Your reply should set down word for word each line below from the one with "附件3:支部党员教师团队打造" through the final line, both included, but none of the pictures.

Start of TASK INPUTS

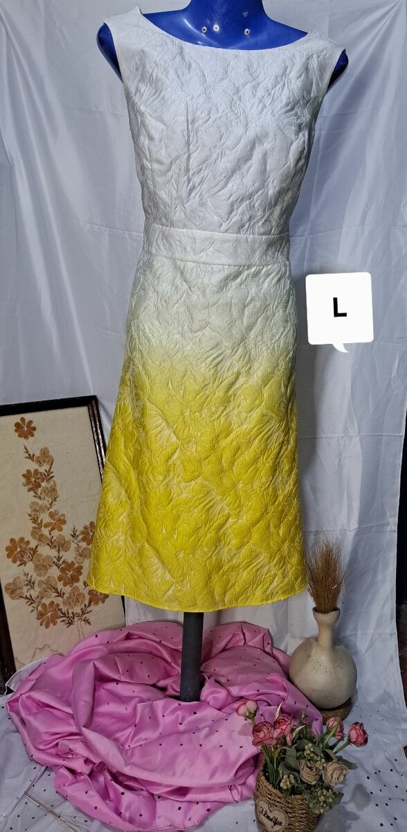Élégante robe sans manches avec dégradé blanc vers jaune. Tissu léger, idéal pour sorties estivales ou occasions spéciales. Confortable et chic, taille L.
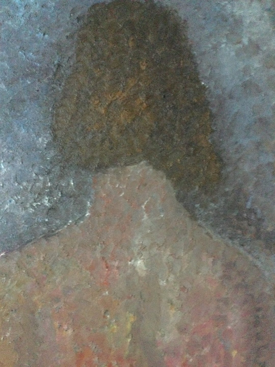 Komposition med kvinde set fra nakken.
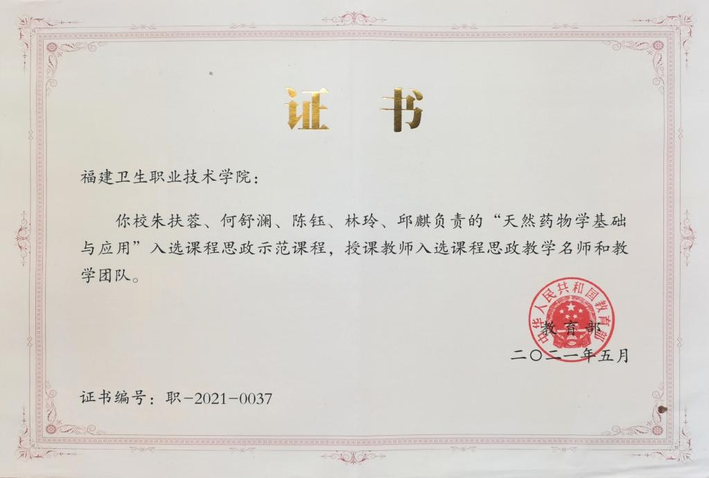 附件3:支部党员教师团队打造的《天然药物学基础与应用》课程入选教育部课程思政示范课程,并入选课程思政教学名师和教学团队
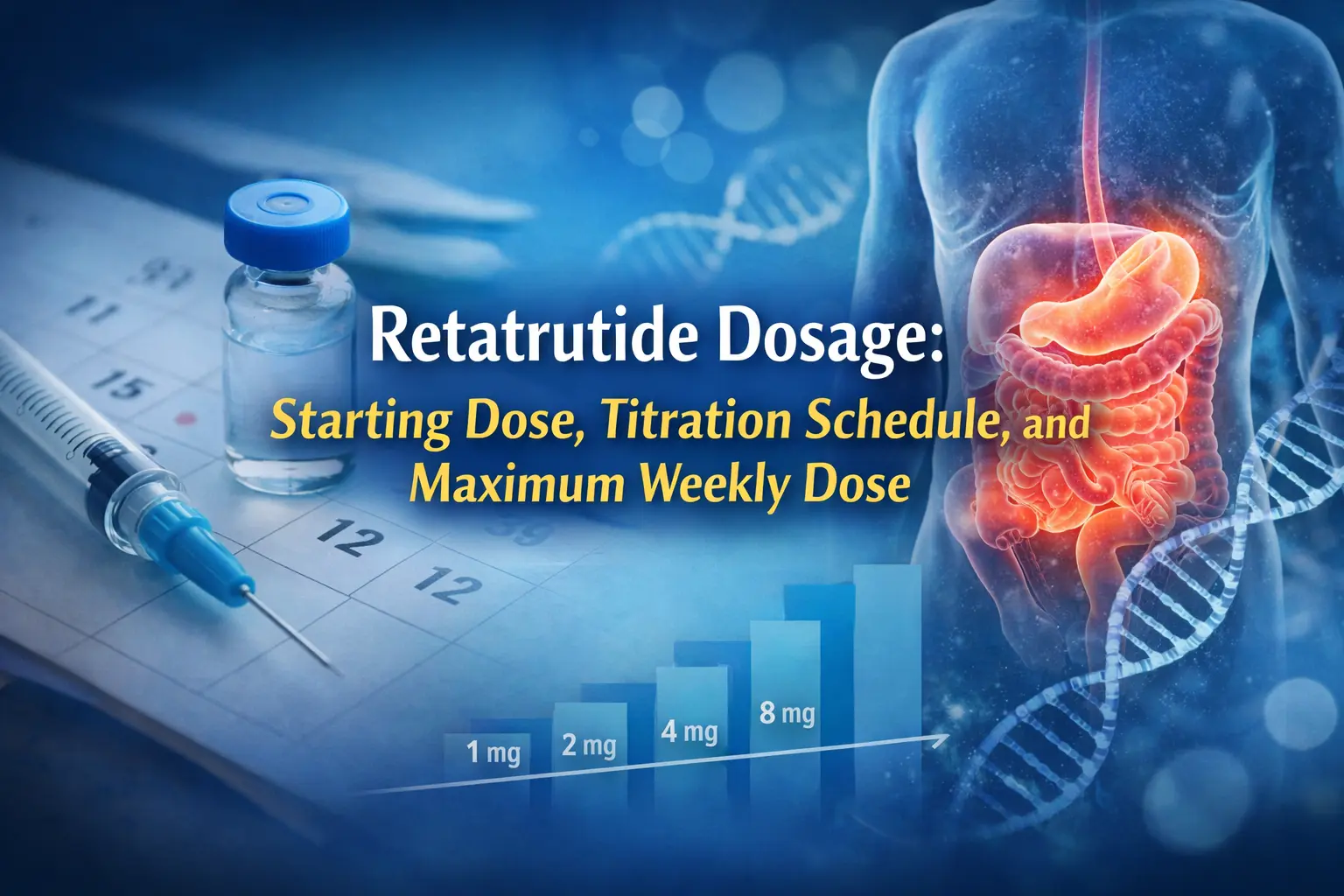 Typical retatrutide dosage begins at 1 mg once weekly, with gradual increases approximately every 4 weeks.
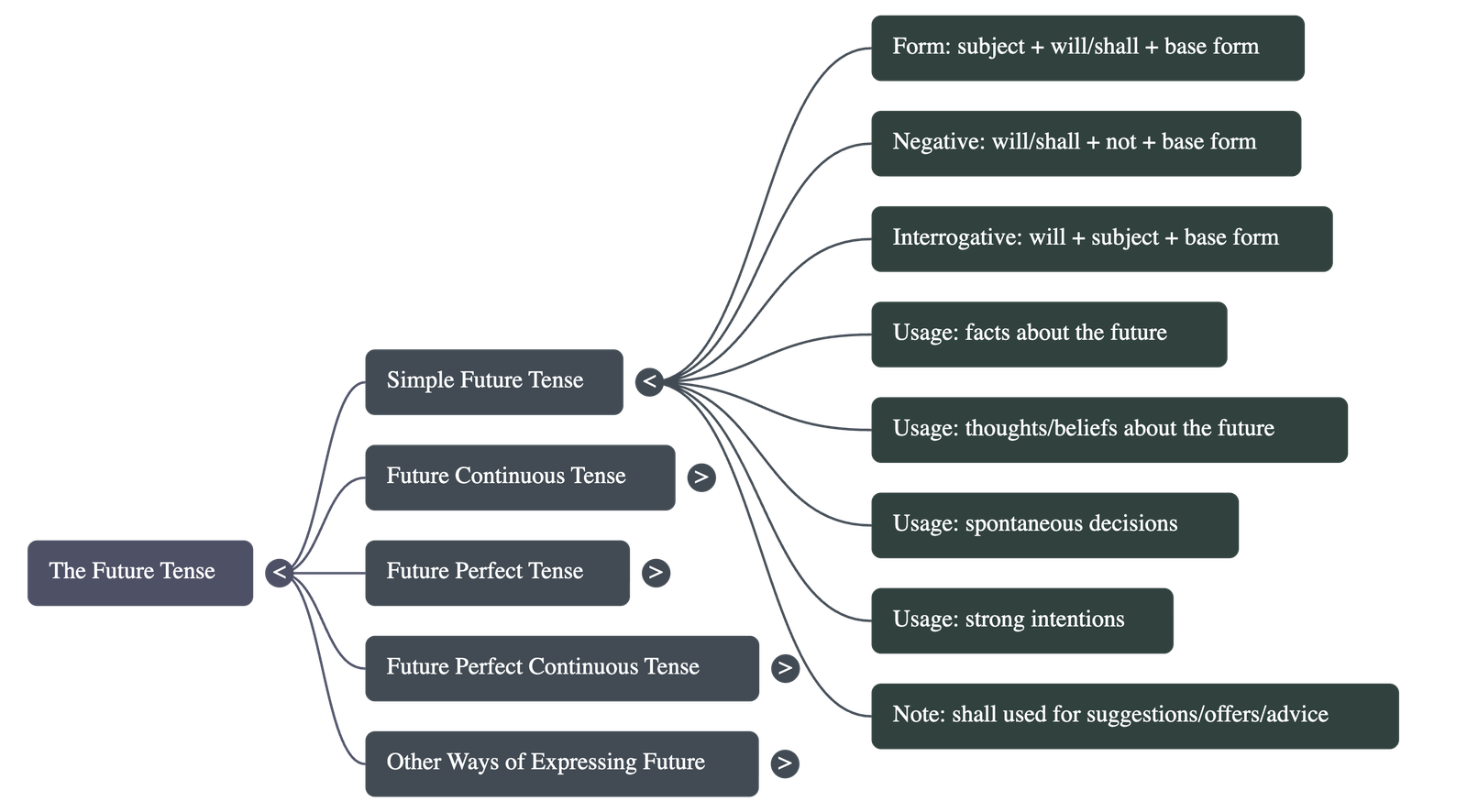 - Form: Subject + will/shall + base form of the verb

End of TASK INPUTS

(TASK ANSWER)
 附件3:支部党员教师团队打造的《天然药物学基础与应用》课程入选教育部课程思政示范课程,并入选课程思政教学名师和教学团队
 Typical retatrutide dosage begins at 1 mg once weekly, with gradual increases approximately every 4 weeks.
 - Form: Subject + will/shall + base form of the verb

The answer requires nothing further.